→ **What you are asked to do**:
Would you output the entries below only from the line containing "花园内还有很多特色雕像,可以喷出火的石龙。" through the line containing "50Pcs Flower Nail", exactly as they stand and with both ends included?

→ **Records to process**:
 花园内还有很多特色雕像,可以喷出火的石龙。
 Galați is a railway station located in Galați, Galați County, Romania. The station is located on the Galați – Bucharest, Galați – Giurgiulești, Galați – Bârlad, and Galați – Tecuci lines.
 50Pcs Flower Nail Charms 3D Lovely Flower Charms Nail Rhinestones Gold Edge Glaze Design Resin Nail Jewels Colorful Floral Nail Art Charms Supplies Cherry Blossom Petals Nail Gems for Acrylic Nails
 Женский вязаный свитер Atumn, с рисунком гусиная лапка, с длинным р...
* * *
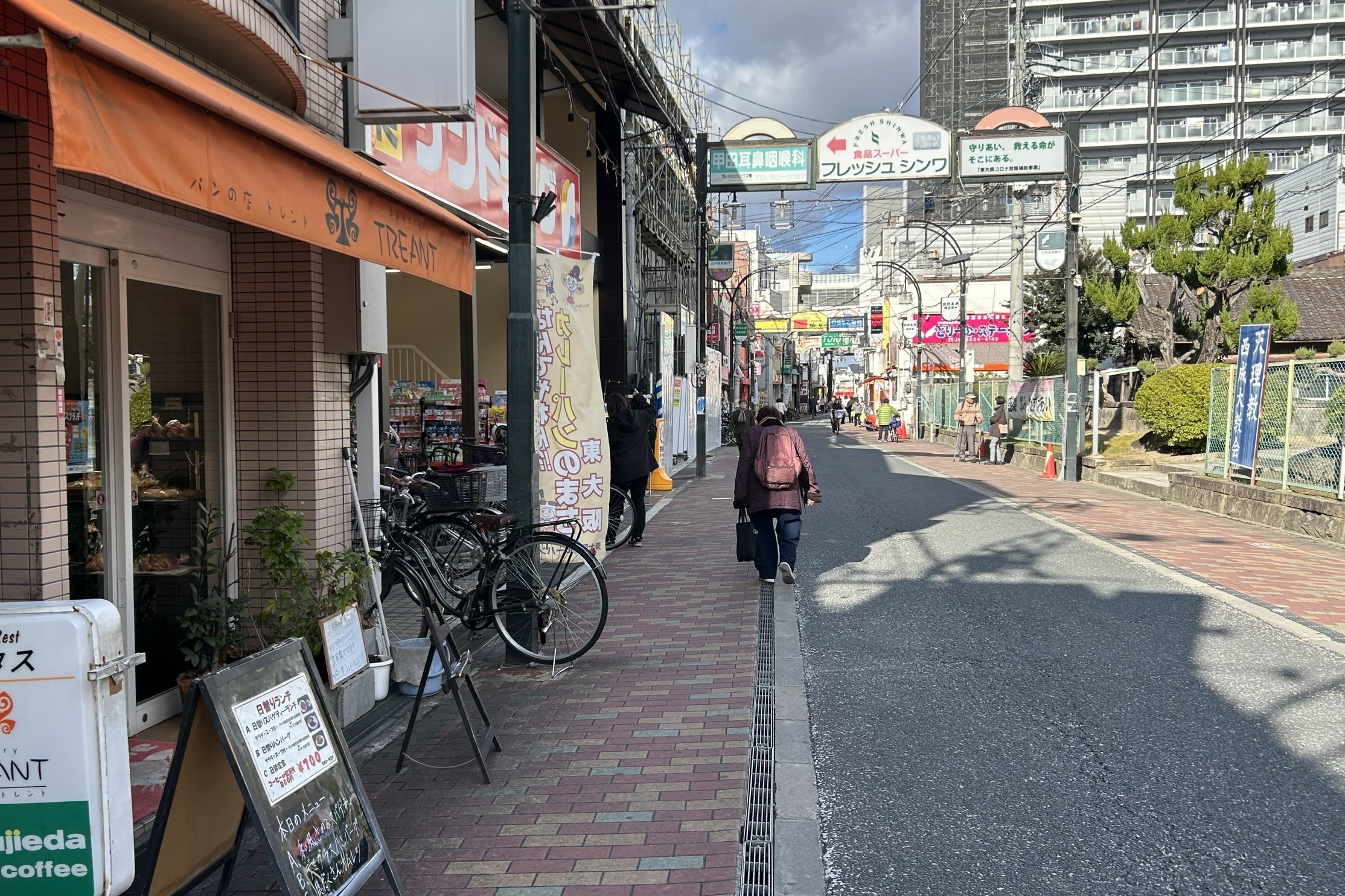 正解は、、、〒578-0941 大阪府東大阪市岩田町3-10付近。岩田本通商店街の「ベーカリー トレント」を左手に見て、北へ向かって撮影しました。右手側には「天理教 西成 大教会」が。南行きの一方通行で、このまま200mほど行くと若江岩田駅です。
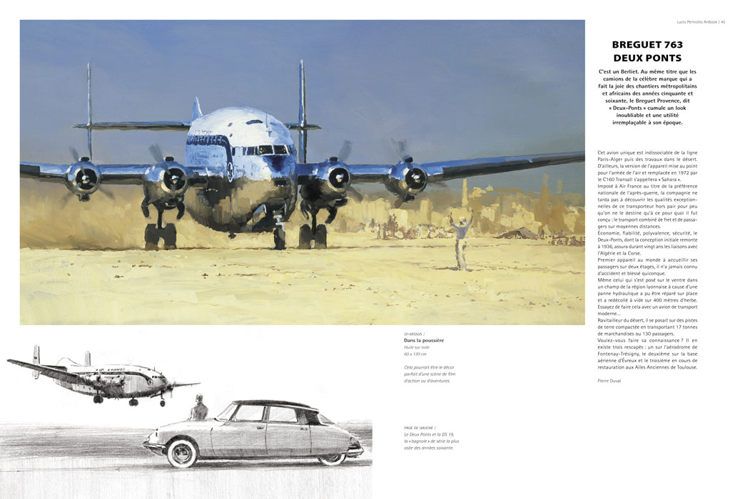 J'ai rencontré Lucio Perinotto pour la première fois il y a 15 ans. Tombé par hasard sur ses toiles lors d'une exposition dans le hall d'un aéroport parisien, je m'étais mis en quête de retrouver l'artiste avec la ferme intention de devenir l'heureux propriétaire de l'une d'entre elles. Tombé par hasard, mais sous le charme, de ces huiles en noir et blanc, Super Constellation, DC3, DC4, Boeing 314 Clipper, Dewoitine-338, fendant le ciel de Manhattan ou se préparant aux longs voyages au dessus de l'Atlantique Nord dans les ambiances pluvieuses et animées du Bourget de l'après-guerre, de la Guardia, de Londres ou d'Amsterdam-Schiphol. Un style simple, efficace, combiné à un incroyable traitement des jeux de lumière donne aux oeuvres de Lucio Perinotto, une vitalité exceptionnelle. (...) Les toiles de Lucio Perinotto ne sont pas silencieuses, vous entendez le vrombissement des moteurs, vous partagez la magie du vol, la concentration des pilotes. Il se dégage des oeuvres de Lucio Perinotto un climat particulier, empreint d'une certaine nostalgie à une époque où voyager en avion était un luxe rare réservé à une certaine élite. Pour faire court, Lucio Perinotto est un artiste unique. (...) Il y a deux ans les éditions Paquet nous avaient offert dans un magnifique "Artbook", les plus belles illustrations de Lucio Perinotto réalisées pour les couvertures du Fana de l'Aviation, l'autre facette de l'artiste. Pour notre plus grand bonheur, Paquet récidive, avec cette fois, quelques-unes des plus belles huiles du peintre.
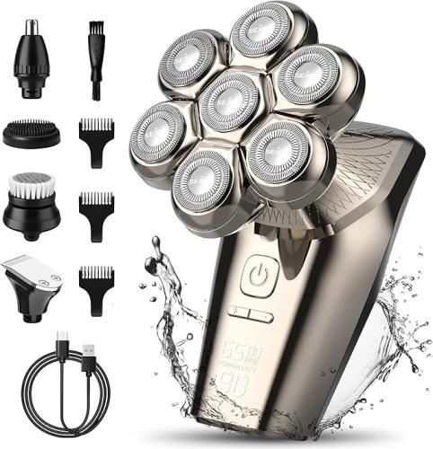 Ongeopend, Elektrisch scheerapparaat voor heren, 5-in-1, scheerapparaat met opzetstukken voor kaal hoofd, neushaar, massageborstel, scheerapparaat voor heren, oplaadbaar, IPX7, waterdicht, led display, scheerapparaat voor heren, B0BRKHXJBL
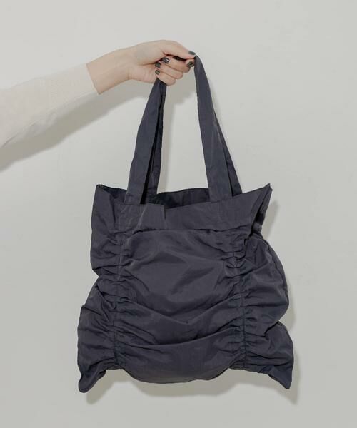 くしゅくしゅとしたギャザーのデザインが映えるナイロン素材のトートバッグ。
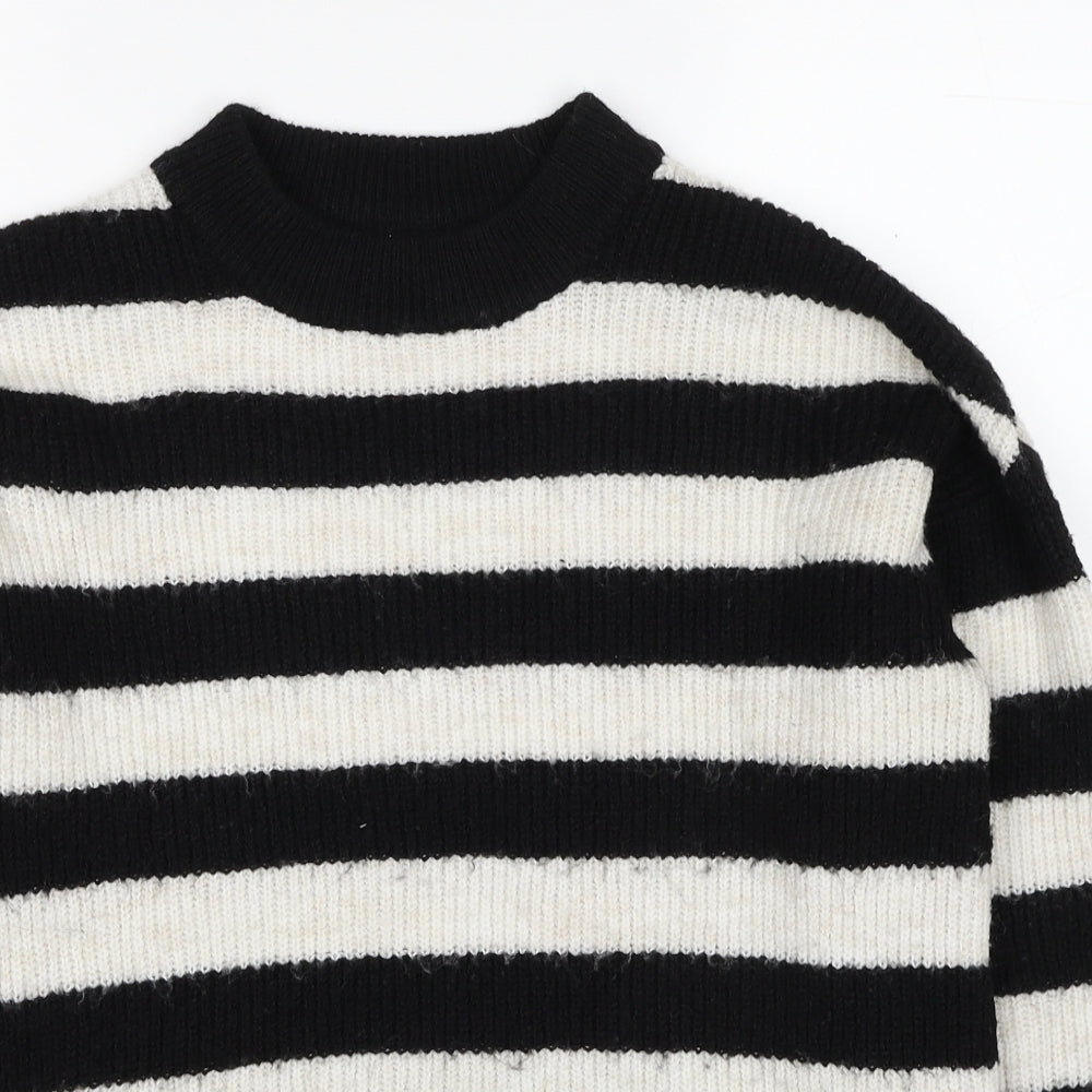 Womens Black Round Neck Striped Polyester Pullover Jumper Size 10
...
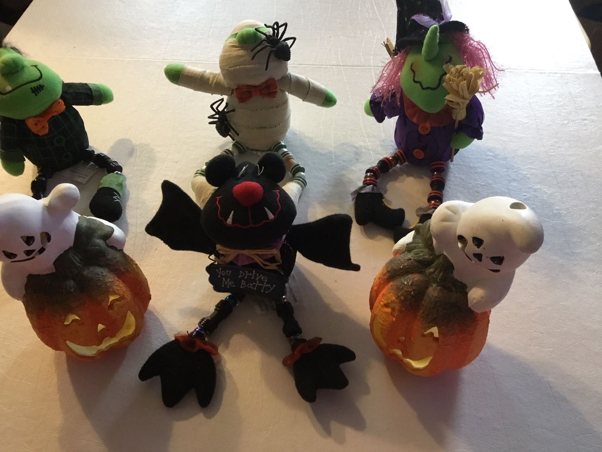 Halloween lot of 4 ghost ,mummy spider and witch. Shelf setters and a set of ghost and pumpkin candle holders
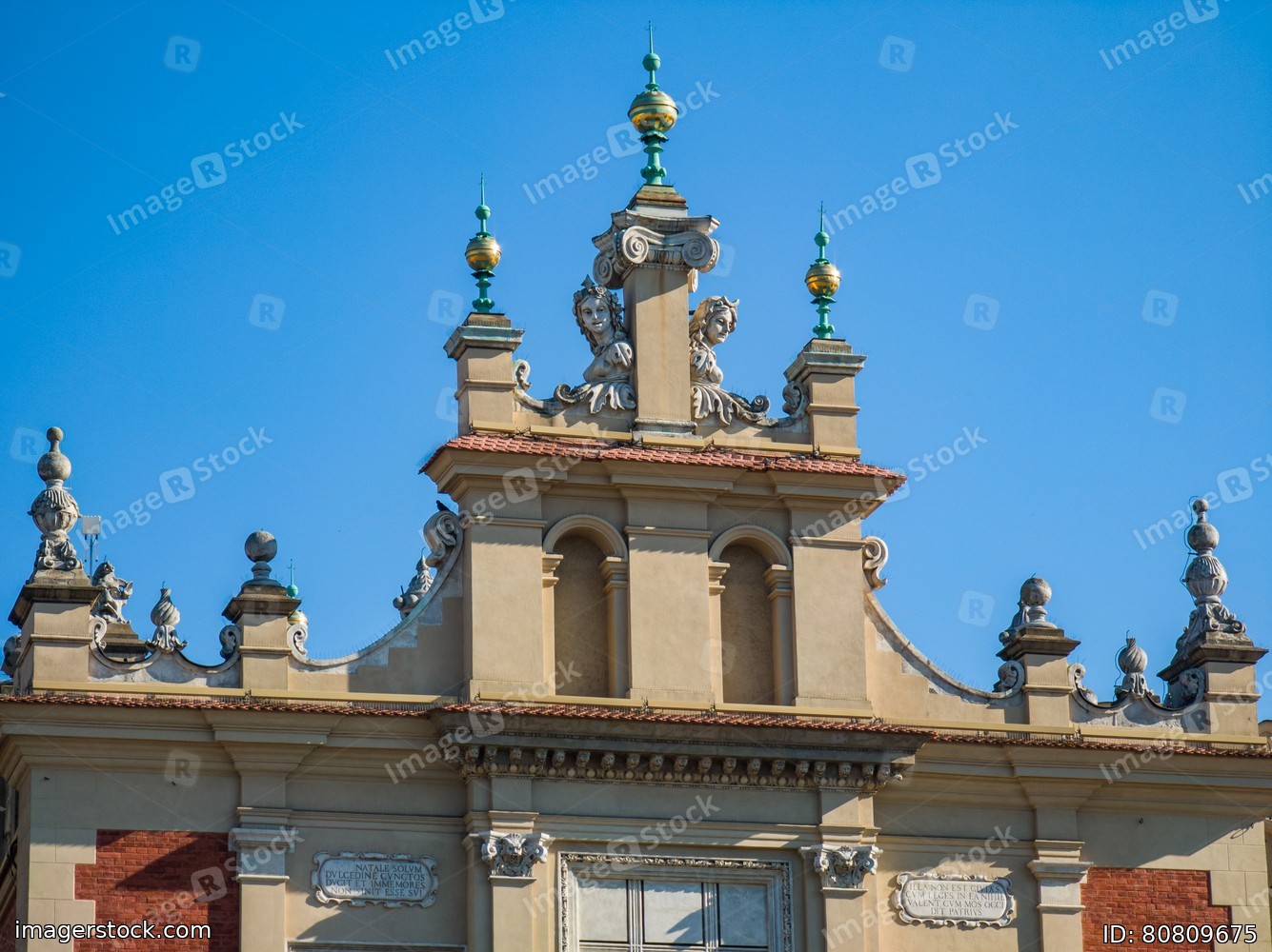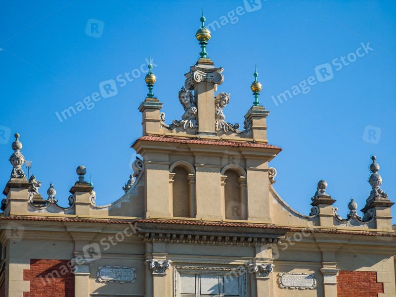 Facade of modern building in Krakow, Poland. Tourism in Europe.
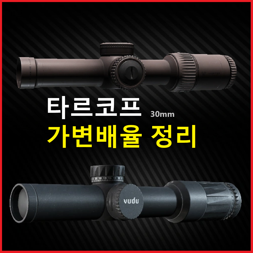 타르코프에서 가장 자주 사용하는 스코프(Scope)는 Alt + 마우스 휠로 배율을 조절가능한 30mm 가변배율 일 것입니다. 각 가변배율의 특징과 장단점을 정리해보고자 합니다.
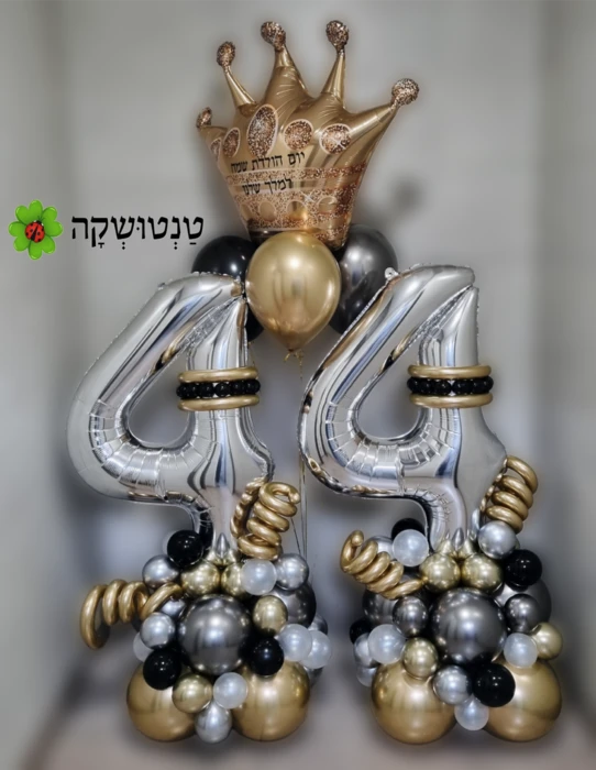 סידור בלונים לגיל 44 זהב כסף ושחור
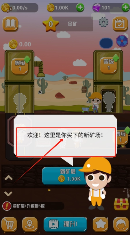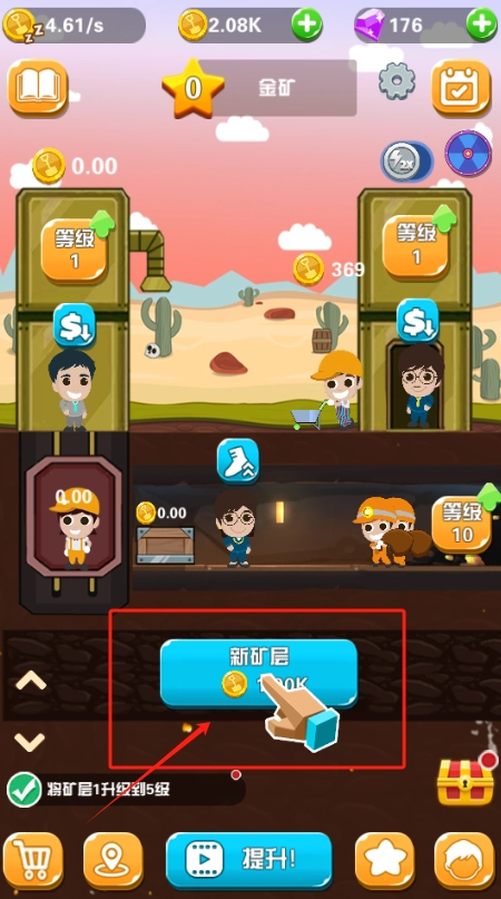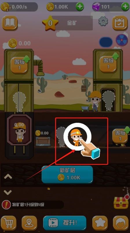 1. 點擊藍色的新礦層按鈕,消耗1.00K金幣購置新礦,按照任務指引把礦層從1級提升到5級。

→ **Answer space**:
 花园内还有很多特色雕像,可以喷出火的石龙。
 Galați is a railway station located in Galați, Galați County, Romania. The station is located on the Galați – Bucharest, Galați – Giurgiulești, Galați – Bârlad, and Galați – Tecuci lines.
 50Pcs Flower Nail Charms 3D Lovely Flower Charms Nail Rhinestones Gold Edge Glaze Design Resin Nail Jewels Colorful Floral Nail Art Charms Supplies Cherry Blossom Petals Nail Gems for Acrylic Nails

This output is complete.